Is drawdown right for you?

Since pension reforms were introduced, an increasing number of retirees have chosen to take flexible withdrawals from their pension. According to the Financial Conduct Authority, drawdown has become an increasingly popular option, with twice as many pension pots moving into drawdown than into annuities.

In basic terms, income drawdown is where you withdraw money from your pension pot on a regular basis to provide an income for your retirement. By leaving your pension pot invested and taking an income directly from it, you don’t need to use the money in your pot to buy an annuity. As the rest of your pension pot remains invested, it will continue to benefit from any investment growth.

TAKE TIME TO FULLY UNDERSTAND THE RISKS

Whilst drawdown offers flexibility, there are risks that you need to consider. The amount you could draw as income is not guaranteed, unlike an annuity. As your pension fund remains invested, it is vulnerable to price fluctuations, making it increasingly important to take advice. Without advice, you could find your income level drops, you could run the risk of running out of money – not a desirable retirement outcome.

THE VALUE OF ADVICE

In drawdown, there are risks in taking out too much and too little.

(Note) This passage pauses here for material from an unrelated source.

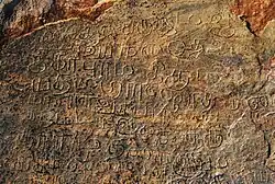 Most Vijayanagara inscriptions recovered so far are in Kannada, Telugu and Tamil, and a few in Sanskrit.[128] According to Suryanath U. Kamath about 7000 stone inscriptions, half of which are in Kannada, and about 300 copper plates which are mostly in Sanskrit, have been recovered.[129] Bilingual inscriptions had lost favor by the 14th century.[130] According to Mack, the majority of the inscriptions recovered are from the rule of the Tuluva dynasty (from 1503 to 1565) with the Saluva dynasty (from 1485 to 1503) inscribing the least in its brief control over the empire. The Sangama dynasty (from 1336 to 1485) which ruled the longest produced about one third of all epigraphs inscribed during the Tuluva period.[131] Despite the popularity of Telugu language as a literary medium, the majority of the epigraphs in the language were inscribed in the limited period from 1500 to 1649. Talbot explains this scenario as one of shifting political solidarity. The Vijayanagara Empire was originally founded in Karnataka, with Andhra Pradesh serving as a province of the empire. After its defeat to the Deccan sultanates in 1565 and the sacking of the royal capital Vijayanagara, the diminished empire moved its capital to Southern Andhra Pradesh, creating an enterprise dominated by Telugu language.[132]

This is where advice will help you plan your drawdown strategy and guarantee that it’s reviewed regularly. Taking out too much could have tax implications and restrict your remaining pension pot’s ability to provide an income for the duration of your retirement. If you draw too little you might not have sufficient to cover your living expenses.

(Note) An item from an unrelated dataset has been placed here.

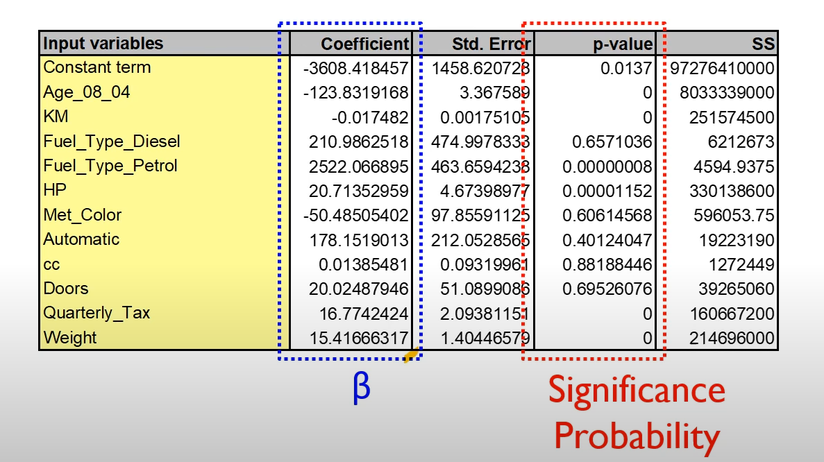또한 는 독립변수가 1 증가할 때, 종속변수의 증가량을 의미합니다. 이때, p-Value가 유의미하다(일반적으로 0.05이하)면 값이 의미가 있어집니다.

Even though it’s no longer compulsory to take an annuity at retirement, they still offer valuable benefits. You may choose to put a portion of your pension pot into an annuity to provide a regular guaranteed amount for the rest of your life, to cover your core living costs for example.

A pension is a long-term investment. The fund value may fluctuate and can go down. Your eventual income may depend on the size of the fund at retirement, future interest rates and tax legislation.

INFORMATION IS BASED ON OUR CURRENT UNDERSTANDING OF TAXATION LEGISLATION AND REGULATIONS. ANY LEVELS AND BASES OF, AND RELIEFS FROM TAXATION, ARE SUBJECT TO CHANGE.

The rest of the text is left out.